Die Stimme des Wüstenfuchses habe ich nur in meinen eigenen Mauern zu hören bekommen, obgleich dieses Thier an Menge alle die Stammesgenossen in der Oase bei Weitem übertrifft und stellenweise der Sandboden von seinen Fährten wimmelt, als wäre eine Hammelheerde darüber weggezogen.

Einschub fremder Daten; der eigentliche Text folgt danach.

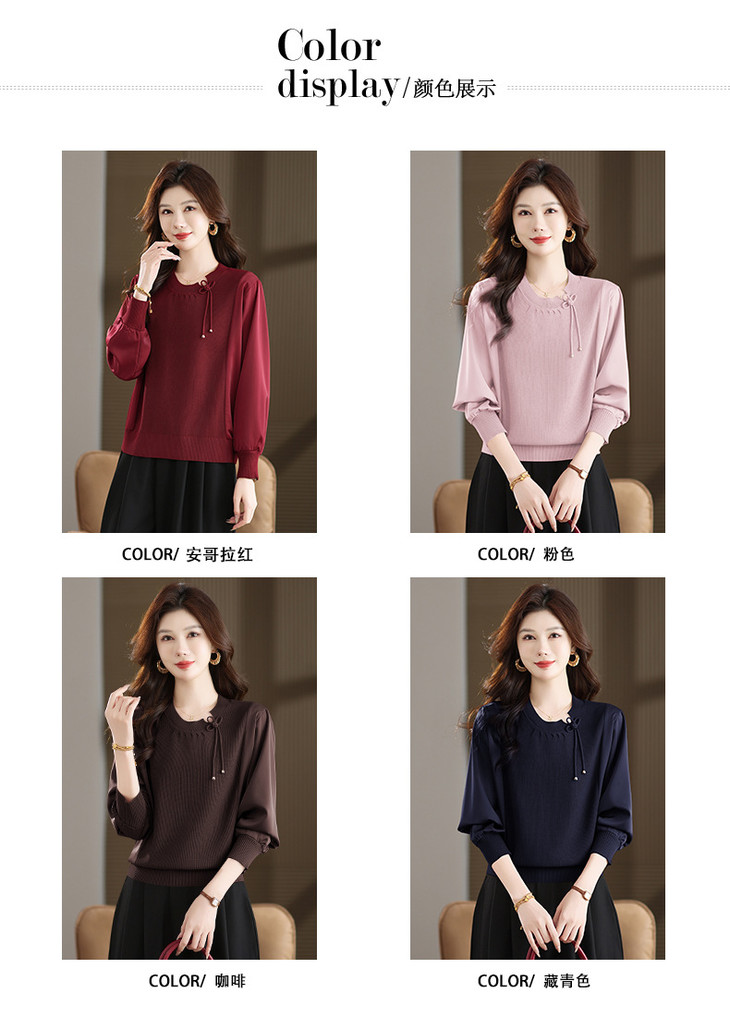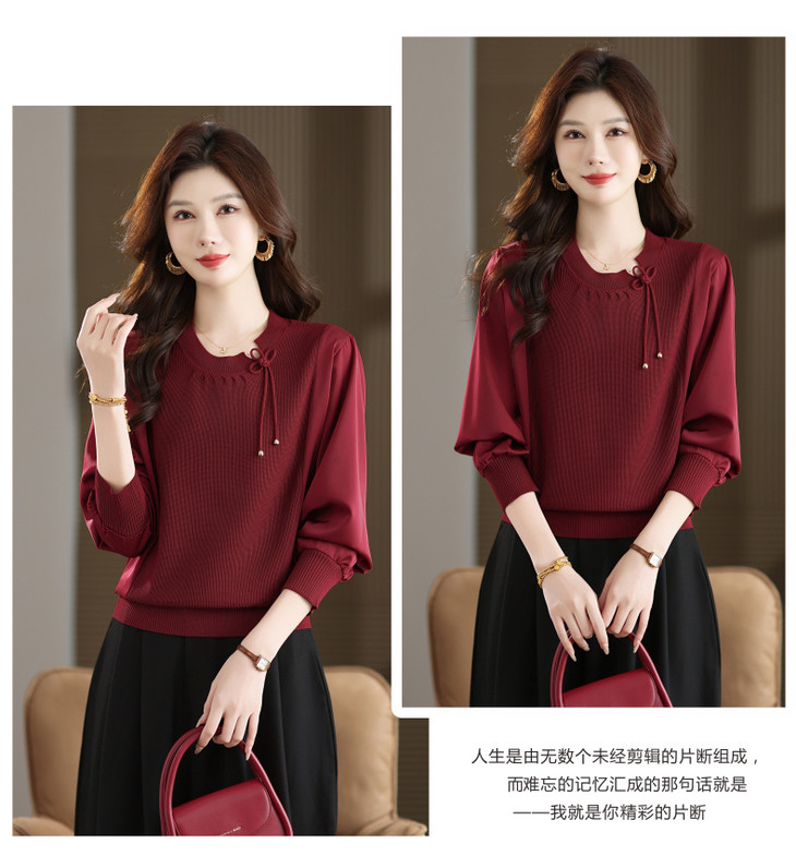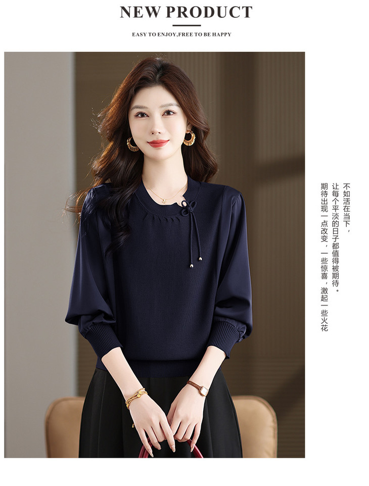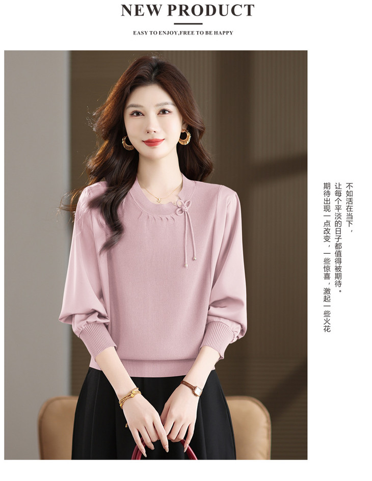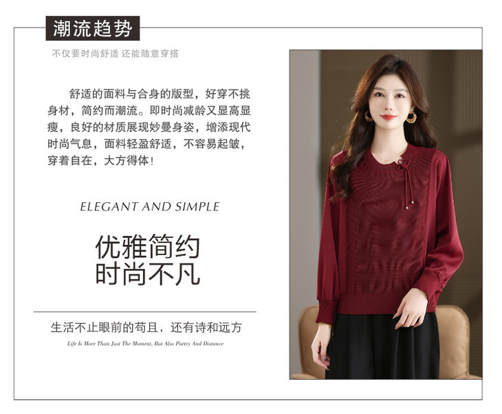 新中式国风针织衫上衣,薄款长袖拼接圆领毛衣CC-MH-25259

Der Wüstenfuchs ist im südlichen Algier und Marokko ebenso häufig wie in der Libyschen Wüste, welche er in ihrer ganzen Ausdehnung von den Thoren Alexandriens bis nach Kordofan hinein, von Dongola bis nach Fezzan zu bewohnen scheint. Der Name Fennek war indeß in der Großen Oase unbekannt; die Eingeborenen pflegten die Wüstenfüchse schlechtweg als „Hossenat“, das heißt Füchse, zu bezeichnen. Da ich kein Verfahren kannte, die letztgenannten Thiere lebendig einzufangen, dieselben aber seit langer Zeit ein besonderes Bedürfniß des Berliner Zoologischen Gartens bildeten, so forderte ich die Einwohner durch verlockende Angebote zu ihrem Fange auf. Es waren kaum vierzehn Tage verstrichen, als ich mich auch schon im Besitze von drei Dutzenden dieser reizenden Geschöpfe befand, und immer neue wurden mir zugetragen – der Vorrath schien in der That unerschöpflich.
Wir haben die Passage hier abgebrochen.